Input Block Start

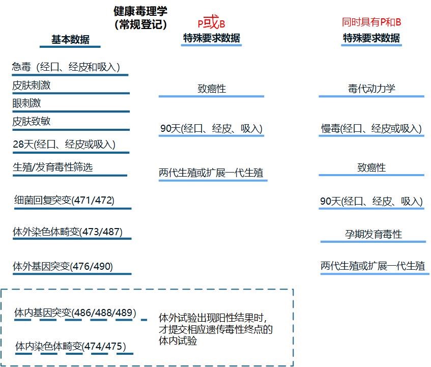 若具有P或B则应进一步提交健康毒理学特殊要求数据,包括90天反复染毒毒性、生殖/发育毒性、毒代动力学、慢性毒性和致癌性。
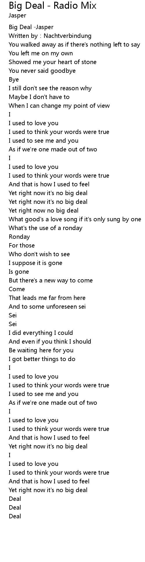 | Song | Big Deal - Radio Mix |
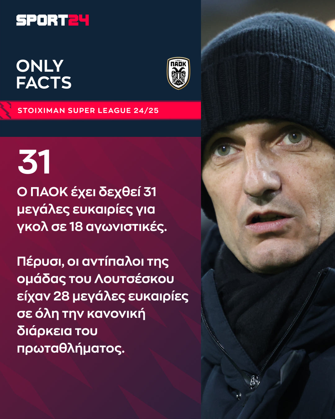 Η μεγαλύτερη πληγή για τον φετινό ΠΑΟΚ είναι οι μεγάλες ευκαιρίες που επιτρέπει στους αντιπάλους του. Στα 18 μέχρι τώρα παιχνίδια της κανονικής διάρκειας του πρωταθλήματος η ομάδα του Ραζβάν Λουτσέσκου έχει δεχθεί ήδη 31 μεγάλες ευκαιρίες.
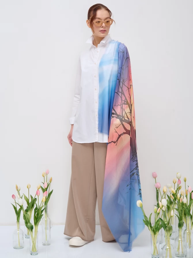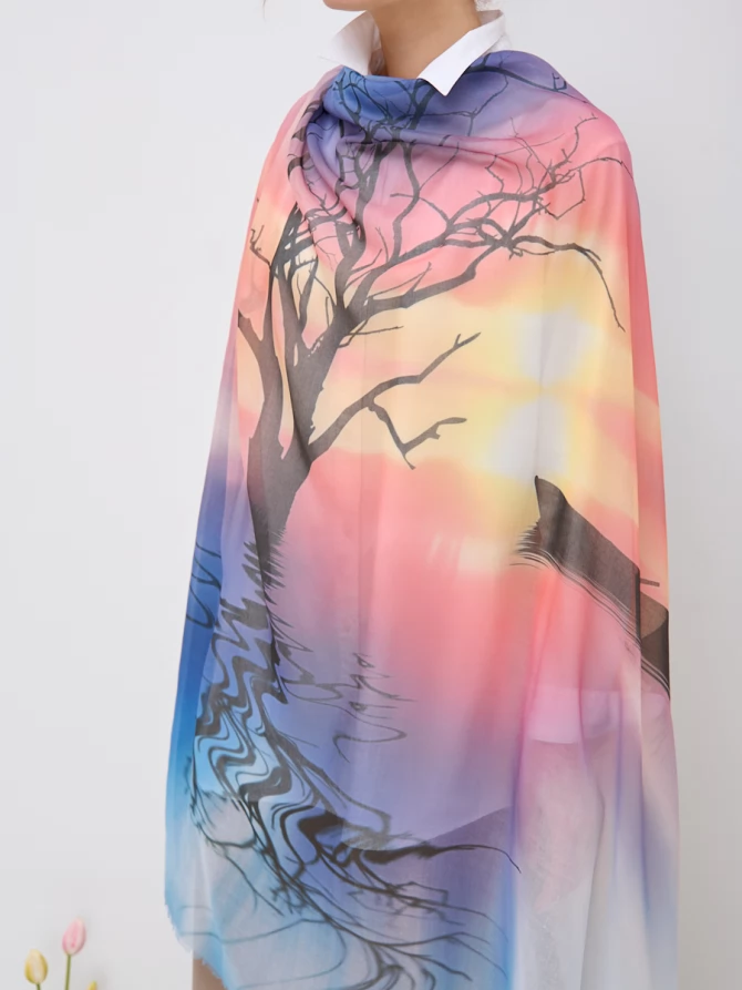 Представляем вашему вниманию большой двусторонний платок, который очаровывает своим уникальным принтом. Его рисунок словно переносит вас в живописный пейзаж: на одной стороне раскинулся завораживающий градиент от небесно-голубого до нежных оттенков заката, где силуэты деревьев создают атмосферу таинственности и спокойствия. Такой смелый и актуальный принт отражает мировые тенденции в дизайне, позволяя вам всегда быть на пике моды.
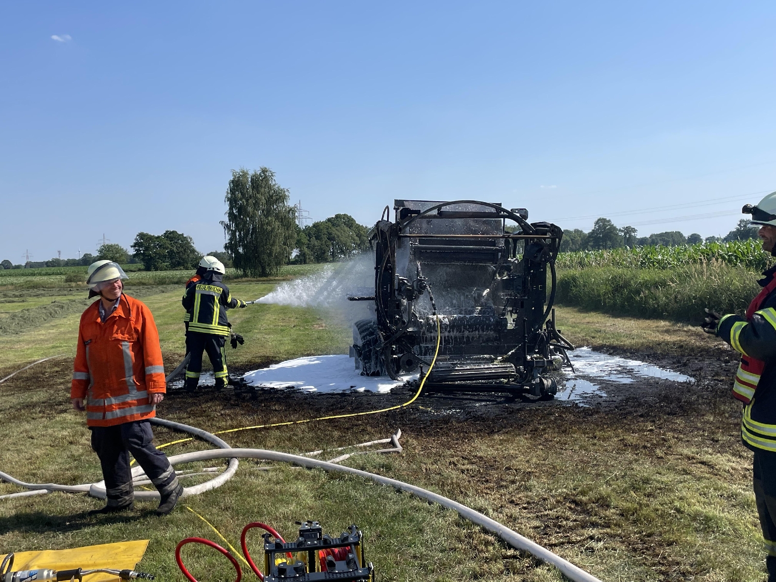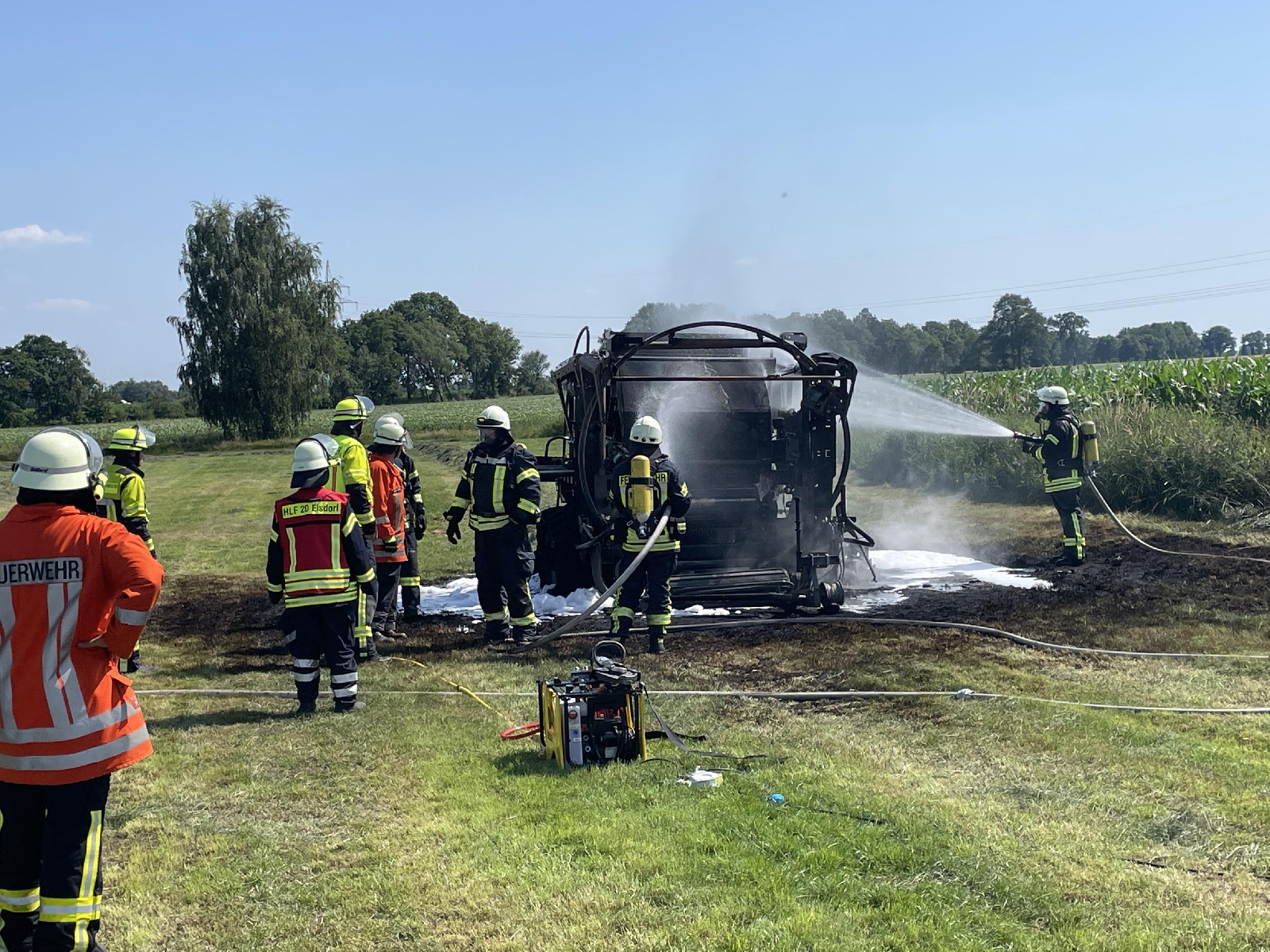 Bei Eintreffen der ersten Einsatzkräfte stand das landwirtschaftliche Gerät bereits in Vollbrand. Die Rauchschwaden waren schon von weiten sichtbar. Umgehend gingen mehrere Trupps unter Atemschutz gegen die Flammen vor. Aufgrund der herrschenden Trockenheit wurden vorsorglich weitere wasserführende Fahrzeuge an die Einsatzstelle alarmiert. Die Einsatzstelle befand sich auf einem Feld, wo Heu lag. Die Feuerwehr hatte die Flammen relativ zügig gelöscht. Die Nachlöscharbeiten zogen sich noch etwas hin, da das Gerät sehr heiß war. Es musste reichlich Wasser eingesetzt werden, um dieses runter zu kühlen.
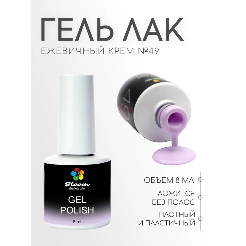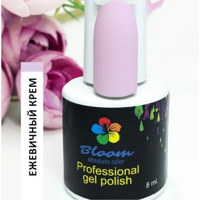 Гель-лак Bloom Ежевичный крем (№49) 8 мл. 90% оттенков имеют плотный стабильный пигмент. Каучуковая основа, пластичные. Сочетаются с базами и топами других фирм.
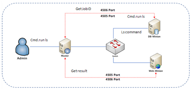 Master上执行某条指令通过队列下发到各个Minions去执行,并返回结果。
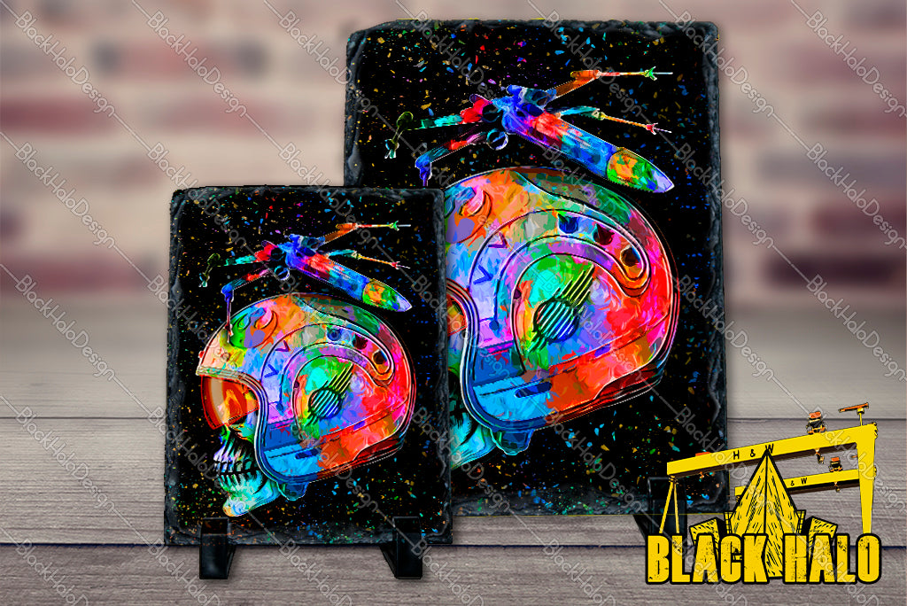 Star Wars Inspired X-Wing Pilot Skull artwork on Natural Rock Slate with Stands
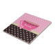 A girly pink and brown polka dot pattern tile with a cute pink teacup trimmed with a trendy heart border, and a pretty pink ribbon tied in a bow on the handle. Personalise by adding your name. Perfect present for the girly girl who would love to bring a fun tea party wherever she goes!
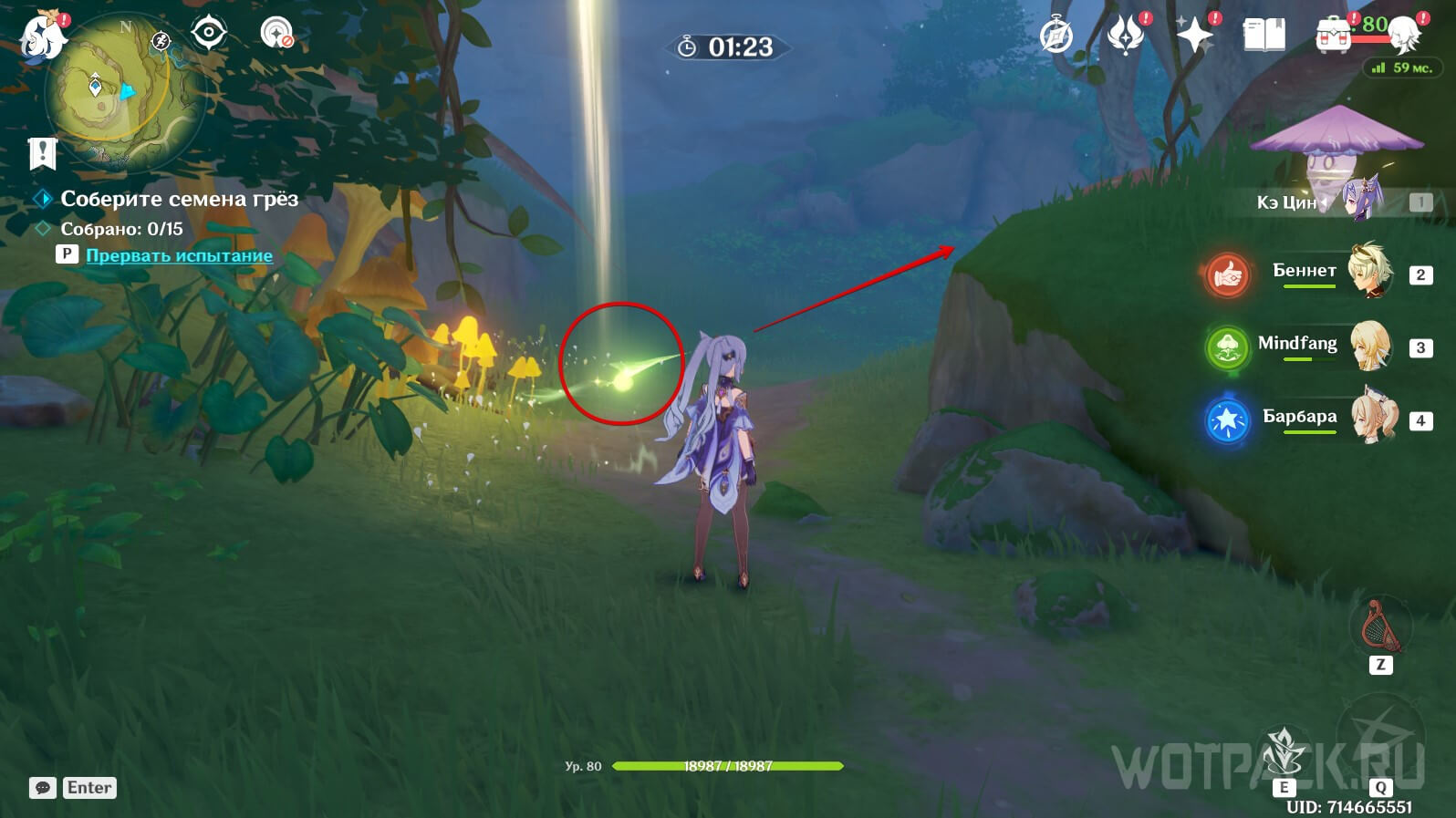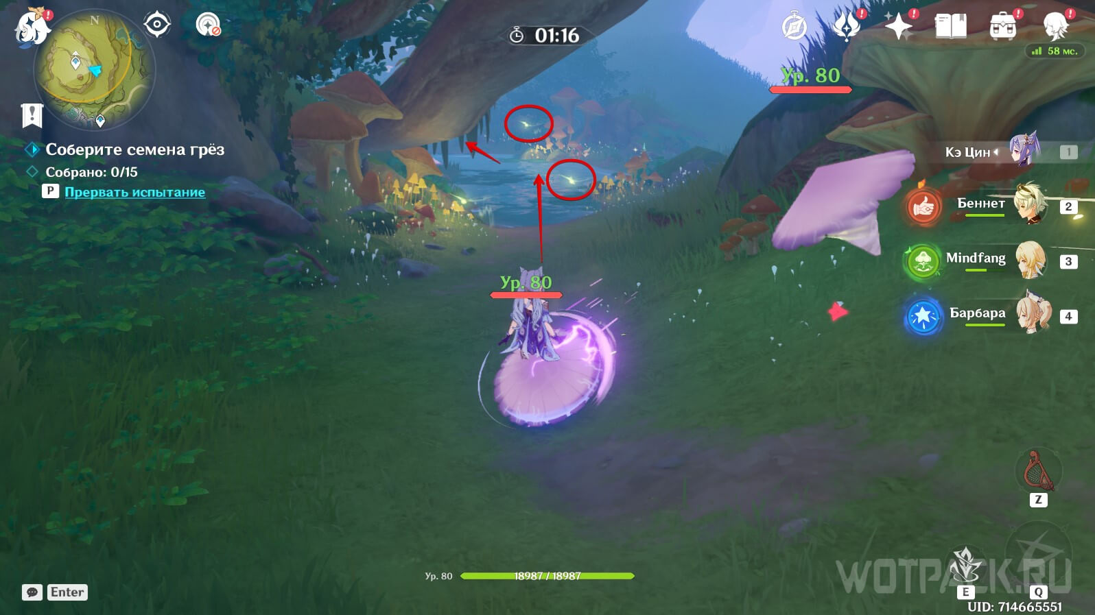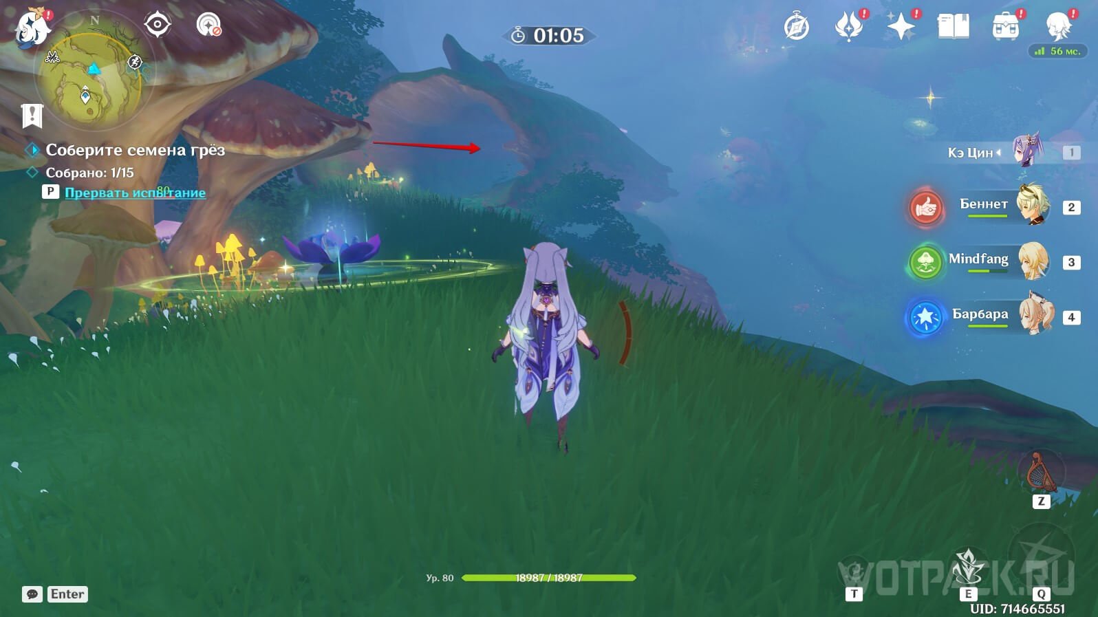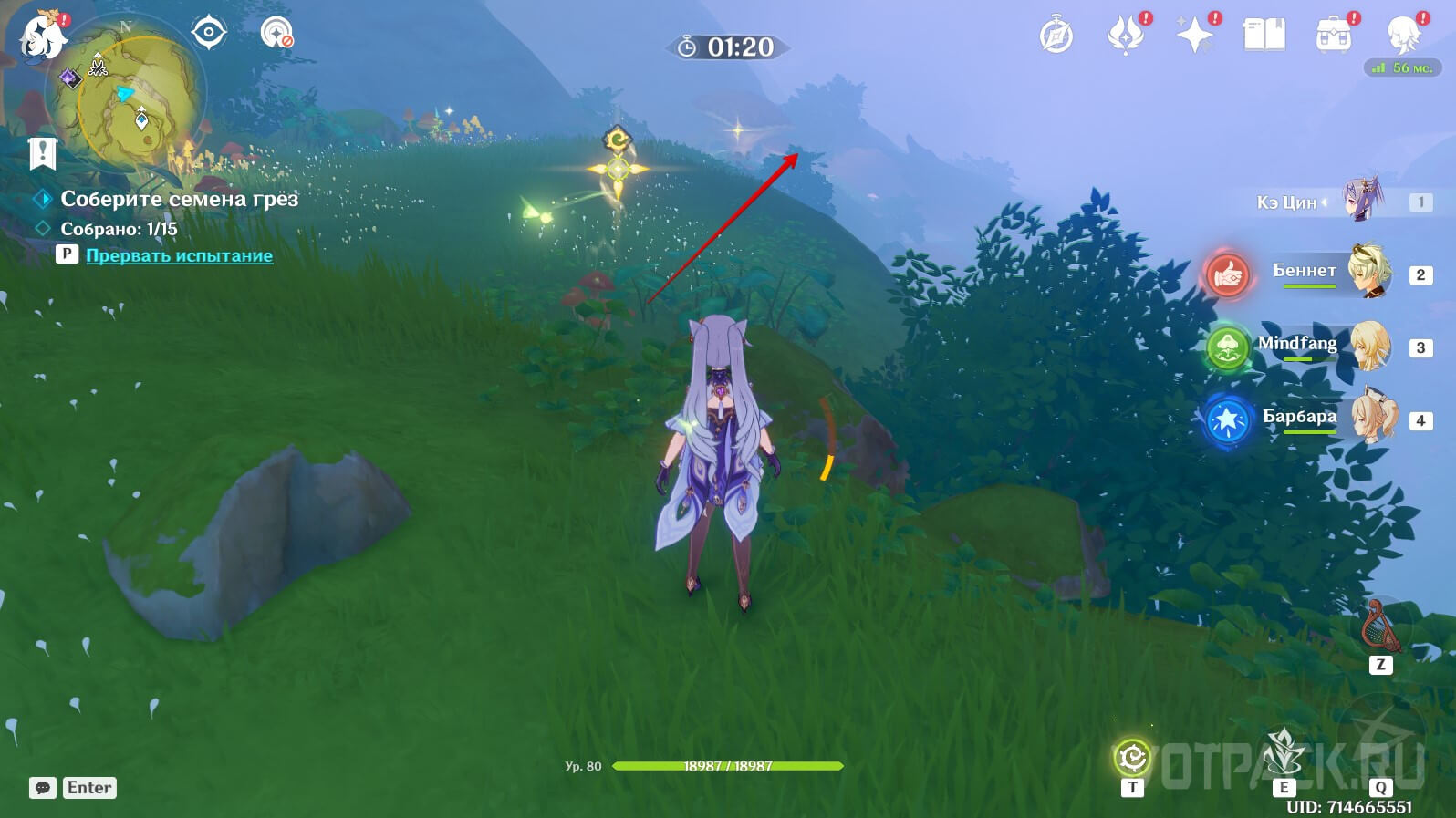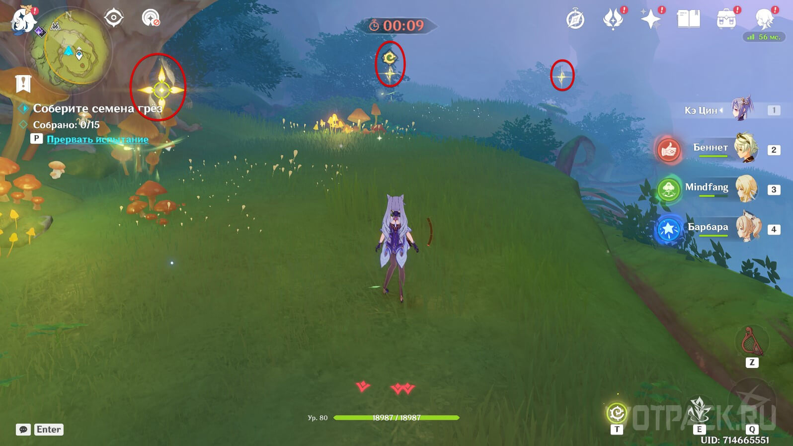 Для экономии времени рекомендуется использовать Фишль, т. к. она способна дать Электро разряд Ешкой и является лучником, т.е. может попасть в символ над сундуком и снять печать. Однако кулдаун ее стихийного навыка слишком долгий, поэтому первый гриб активируйте любым другим персонажем, который способен сделать это. Второй зарядите через Фишль, заберитесь на платформу и выстрелите в печать.

Input Block End

_Task requirements_:
Every line from the one with "Master上执行某条指令通过队列下发到各个Minions去执行,并返回结果。" through the last line of the data must be copied exactly. Leave the pictures out.

_Response area_:
 Master上执行某条指令通过队列下发到各个Minions去执行,并返回结果。
 Star Wars Inspired X-Wing Pilot Skull artwork on Natural Rock Slate with Stands
 A girly pink and brown polka dot pattern tile with a cute pink teacup trimmed with a trendy heart border, and a pretty pink ribbon tied in a bow on the handle. Personalise by adding your name. Perfect present for the girly girl who would love to bring a fun tea party wherever she goes!
 Для экономии времени рекомендуется использовать Фишль, т. к. она способна дать Электро разряд Ешкой и является лучником, т.е. может попасть в символ над сундуком и снять печать. Однако кулдаун ее стихийного навыка слишком долгий, поэтому первый гриб активируйте любым другим персонажем, который способен сделать это. Второй зарядите через Фишль, заберитесь на платформу и выстрелите в печать.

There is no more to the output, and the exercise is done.